School-teachers have in all ages been mediocre in intellect and incompetent. Leibnitz is regarded as a dullard and Newton is considered as a blockhead. Never, however, in the history of mankind have school teachers fallen to such a low level of mediocrity as in our times and in our country. For it is not the amount of knowledge that counts in true education, but originality and independence of thought that are of importance in education. But independence and originality of thought are just the very elements that are suppressed by our modern barrack-system of education. No wonder that military men claim that the best “education” is given in military schools.
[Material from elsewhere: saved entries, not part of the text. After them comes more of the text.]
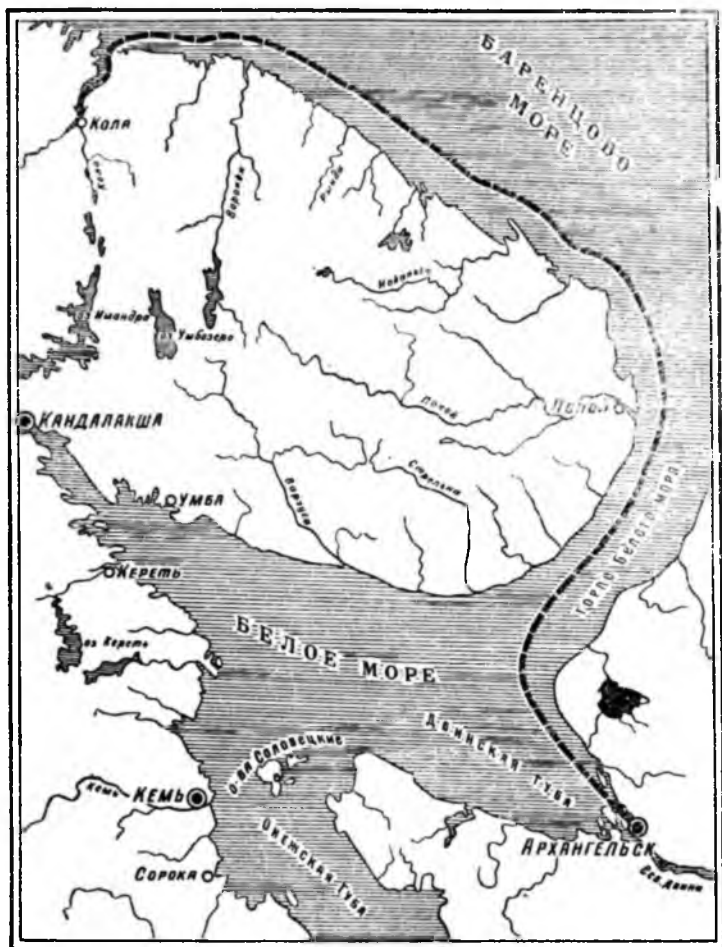
Маршрут самостоятельной поездки Н. Я. Озерецковского в составе экспедиции И. И. Лепехина в 1772 году

писал он,— в 1771 году лишился я всей моей собственности в Ледовитом океане, в 1773 году погорел в Великих Луках, в 1814 году в озере Ильмень потонули остатки моих пожитков».
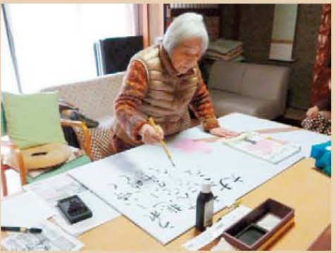
↑大作品を制作中です
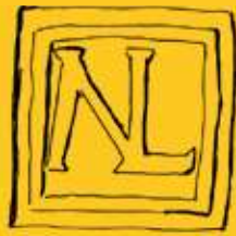
Tekeningen van diverse merken.
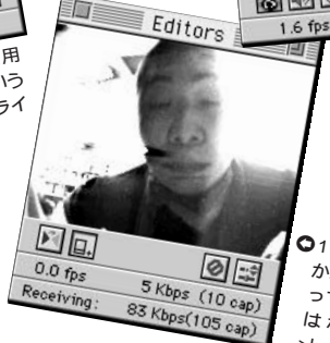
⑫ 1人がバンストをかぶったからといって君もやることはないんだよ。>kaotoka くん
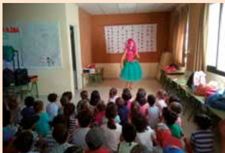
Teatro en el Miniclub
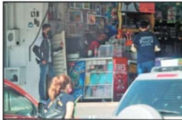
ALGUNOS LOCATARIOS SI HAN EXTERNADO PÉRDIDAS ECONÓMICAS, SOBRE TODO PORQUE SU DÍA MÁS FUERTE EN VENTAS ERAN PRECISAMENTE LOS DOMINGOS.

Además, recalco que el Mercado de Abasto, por su arquitectura y dinámicas propias, es un lugar seguro "porque estamos en áreas muy espaciales y el servicio se brinda al aire libre, donde se puede permitir la sana distancia y hay personas que vienen y escogen su producto, pero tenemos un horario amplio de venta. El mercado empieza a funcionar desde las 2:00 de la mañana, y aunque pudiéramos cerrar a las 2:00 de la tarde, decidimos expandirlo un poco más porque si compactamos el horario, obligamos a la gente a que venga a una hora específica. Además, sabemos que la alimentación con productos naturales ayuda a prevenir enfermedades, y si estamos bien alimentados, se puede
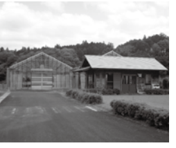
▲市山岡花・野菜育苗施設

市山岡花・野菜育苗施設 募集要項 8月1日(日)から31日(火)まで市ウェブサイトに掲載 指定管理開始日 令和4年3月1日 申し込み方法 募集要項の
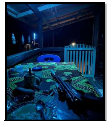
Rm. Wiwit Persiapan Menembak

Berbeda dengan Rm. Wiwit di Kungim. Rm. Wiwit memelihara ayam-ayamnya dengan dibiarkan bebas berkeliaran di sekitar kompleks gereja pada pagi sampai sore hari. Hanya menjelang malam, ayam-ayam itu pulang ke kandang. Namun ternyata tidak mudah memelihara ayam-ayam yang dibiarkan bebas, ada yang mengancam nyawa ayam-ayam tersebut, yaitu anjing. Tidak jarang, ayam-ayam itu diburu anjing
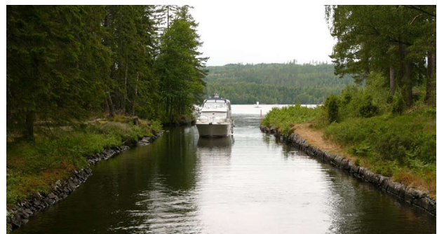
Auf dem Götakanal

Schwedisch Vorpommern auf Rügen geboren, gelang es Anfang des 19. Jahrhunderts, den Reichstag und den König von Schweden für das Projekt und damit für die Finanzierung zu gewinnen. In den Kanalbau floss auch Ingenieurskunst aus Frankreich und insbesondere aus Schottland ein. Der Kanal klettert bis auf 92 m Meereshöhe und erlaubt selbst Segelbooten mit einer Masthöhe bis 22 m die Durchfahrt, Dreh- und Klappbrücken machen es möglich.
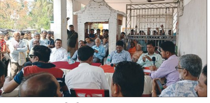
ପ୍ରକାଶ୍ୟରେ ଚନ୍ଦନେଶ୍ଵର ମନ୍ଦିର ନିକଟରେ ନିଲାମ ପାଇଁ ବ୍ରହ୍ମ ବୋର୍ଡ ପକ୍ଷରୁ ବିକ୍ଷିପ୍ତ କାର୍ଯ୍ୟ ହୋଇଥିଲା। ଗତ ଗୁରୁବାର ଦିନ ଗାଡି ପାଇଁ ୪୦ ଲକ୍ଷ ୫୫ହଜାର, ଜୋଡା ଷ୍ଟାଣ୍ଡକୁ ୧୫୫ ୧୦ହଜାର ୫୦୦, ଭୋଗ ଦୋକାନ ବାବଦକୁ ୨୫୫ ୬୫ହଜାର, ଧୂପପୁଣା ଉତ୍ସବ ୧୫୫ ୪୯ହଜାର ଟଙ୍କାରେ ବ୍ରହ୍ମ ବୋର୍ଡ ପକ୍ଷରୁ ନିଲାମ ଦିଆଯାଇଥିଲା। ଅନ୍ୟ
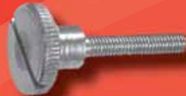
Rändelschrauben DIN 465 A2
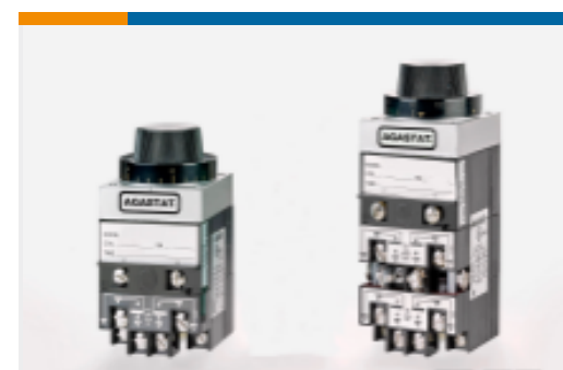
TE 产品编号5-1423162-8 7022ACM=RLY,STD,OFF,2P,120VAC,3

We are not aware that the incubus of officialdom, and the succubus of bureaucracy have taken possession of our schools. The red tape of officialdom, like a poisonous weed, grows luxuriantly in our schools and chokes the life of our young generation. Instead of growing into a people of great independent thinkers, the nation is in danger of fast becoming a crowd of well-drilled, well-disciplined, commonplace individuals, with strong philistine habits and notions of hopeless mediocrity.

In levelling education to mediocrity we imagine that we uphold the democratic spirit of our institutions. Our American sensibilities are shocked when the president of one of our leading colleges dares to recommend to his college that it should cease catering to the average student. We think it un-American, rank treason to our democratic spirit when a college president has the courage to proclaim the principle that “To form the mind and character of one man of marked talent, not to say genius, would be worth more to the community which he would serve than the routine training of hundreds of undergraduates.”
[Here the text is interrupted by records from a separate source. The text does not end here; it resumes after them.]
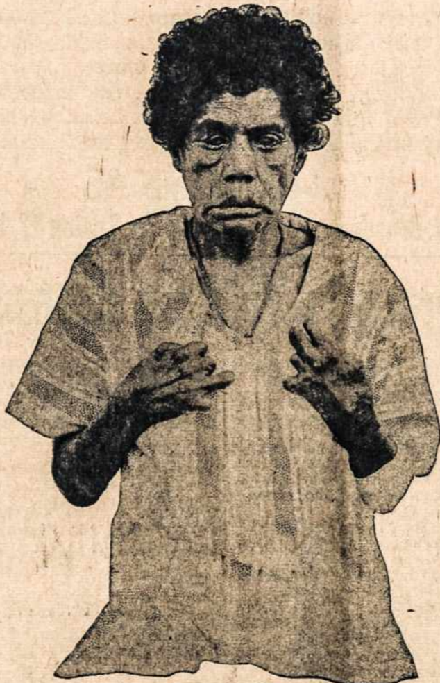
Misijų kraštuose, Jamaica, Marijos Nekaltos širdies Draugijos Seselės prižiūri raupsuotus vargšus.

Kilo ir griuvo tautos, imperijos, monarkijos. Bet Kinija iš visų pavojų išėjo nugalėtoja vien tik dėl to, kad sugebėjo išlaikyti nors ir nepažįstamo jiems Kūrėjo nuostatus, glūdinčius pačioje žmogaus prigimtyje. Kinija dabar kenčia karo siaubo siautėjimus, bet, manau, jai tai išeis į gera, ir ji netrukus apsidžiaugs dar niekad nematytu džiaugsmu: Kinijai jau artinasi išvadavimo valanda.
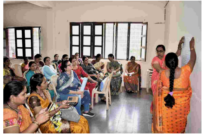
ಕಾರ್ಯಾಗಾರದಲ್ಲಿ ಚಟುವಟಿಕೆಗಳು ಹಾಗೂ ಚರ್ಚೆಯಲ್ಲಿರುವ ಶಿಕ್ಷಕಿಯರು
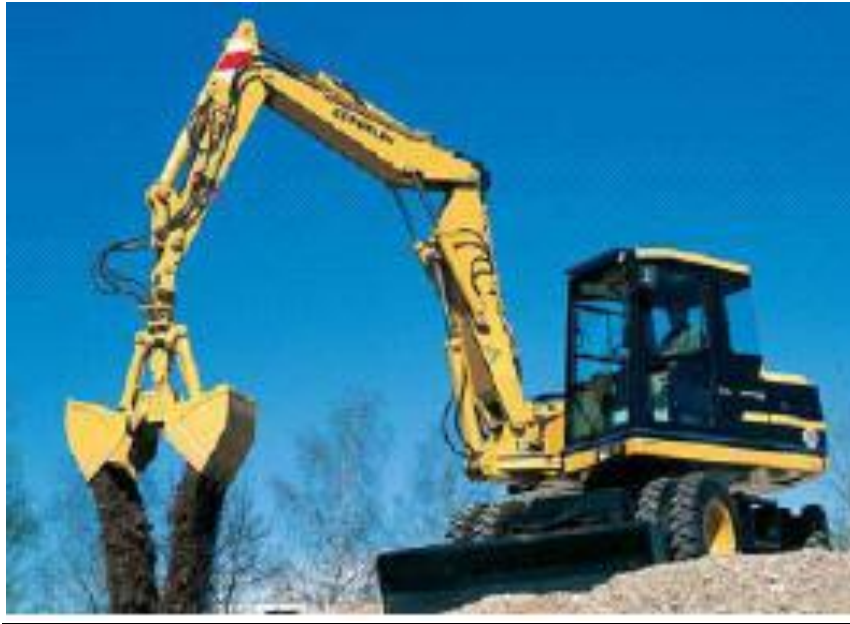
Slika 2.2. jaružalo sa zahvatnom lopatom
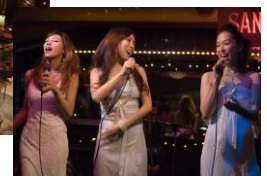
吹き抜けの空間が心地良いアトリウムラウンジ で楽しむライブステージ
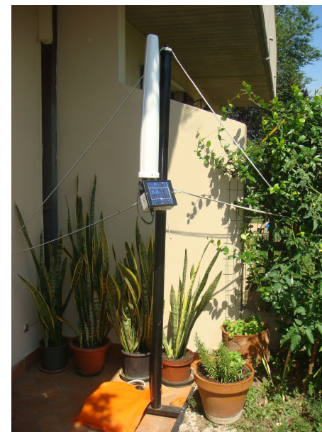
*I picchi corrispondono ai momenti in cui si attiva il modem della centralina.
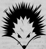
Рог Чёрного ежа
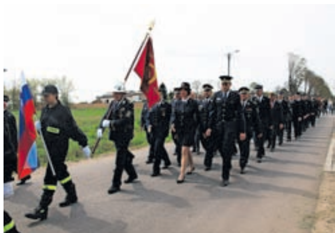
Sodelovali so v gasilski paradi
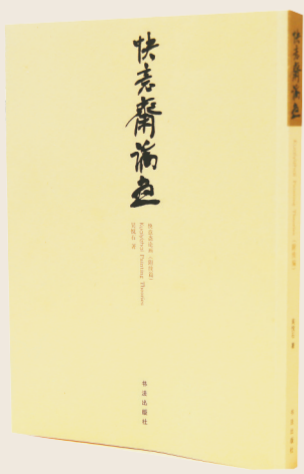
▲《快意斋论画(附续编)》

5月2日下午3时，备受瞩目的“吴悦石《快意斋论画(附续编)》新书发布会暨论画讲座”如期在清秘阁举行。本次活动由中国书画出版传媒、书画出版社、清秘阁主办的“吴悦石《快意斋论画(附续编)》新书发布会”及由中国书画杂志社、清秘书院、北京市锡纯艺术教育公益基金会主办的“吴悦石论画讲座”，两个环节组成。
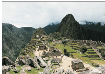
空中之城~馬丘比丘
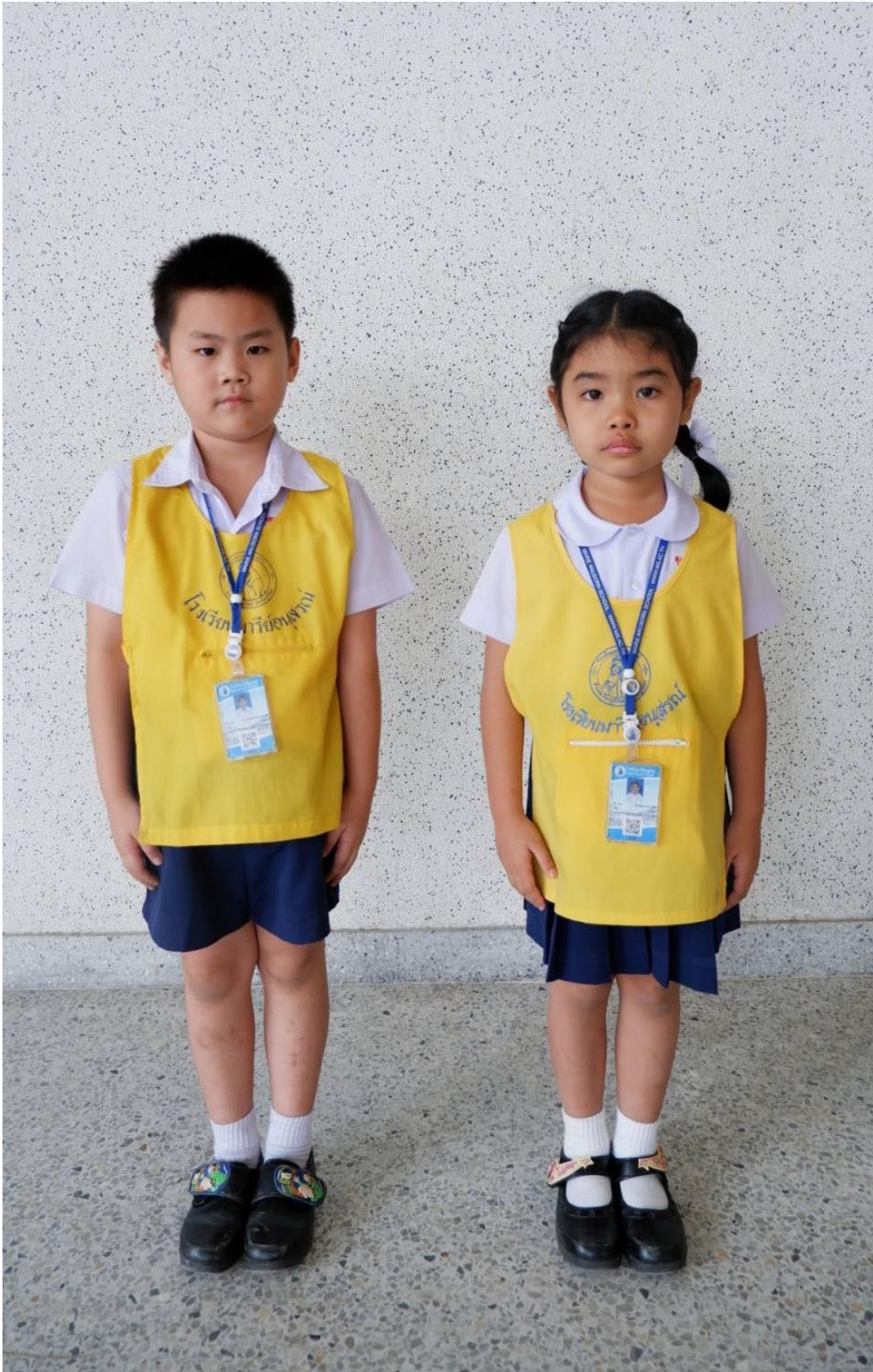
การแต่งกายชุดนักเรียน ระดับชั้นอนุบาล 3
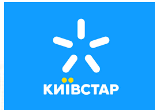
В мережі «Київстар» пролунав перший дзвоник (1997)
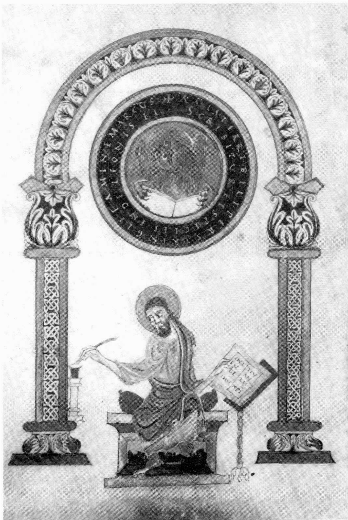
De evangelist Marcus. Schnütgen-Museum, Keulen, Ms. G 531, fol. 62v. Saint-Amand, ca 860-880. Te zien in 's-Gravenhage.

We are optimistic, we believe in the pernicious superstition that genius needs no help, that talent will take care of itself. Our kitchen clocks and dollar timepieces need careful handling, but our chronometers and astronomical clocks can run by themselves.

The truth is, however, that the purpose of the school and the college is not to create an intellectual aristocracy, but to educate, to bring out the individuality, the originality, the latent powers of talent and genius present in what we unfortunately regard as “the average student.” Follow Mill’s advice. Instead of aiming at athletics, social connections, vocations and generally at the professional art of money-making, “Aim at something noble. Make your system such that a great man may be formed by it, and there will be a manhood in your little men, of which you do not dream.”

Awaken in early childhood the critical spirit of man; awaken, early in the child’s life, love of knowledge, love of truth, of art and literature for their own sake, and you arouse man’s genius. We have average mediocre students, because we have mediocre teachers, department-store superintendents, clerkly principals and deans with bookkeepers’ souls, because our schools and colleges deliberately aim at mediocrity.

Ribot in describing the degenerated Byzantine Greeks tells us that their leaders were mediocrities and their great men commonplace personalities. Is the American nation drifting in the same direction? It was the system of cultivation of independent thought that awakened the Greek mind to its highest achievements in arts, science and philosophy; it was the deadly Byzantine bureaucratic red tape with its cut-and-dried theological discipline that dried up the sources of Greek genius. We are in danger of building up a Byzantine empire with large institutions and big corporations, but with small minds and dwarfed individualities. Like the Byzantines we begin to value administration above individuality and official, red-tape ceremonialism above originality.

We wish even to turn our schools into practical school-shops. We shall in time become a nation of well-trained clerks and clever artisans. The time is at hand when we shall be justified in writing over the gates of our school-shops “mediocrity made here!”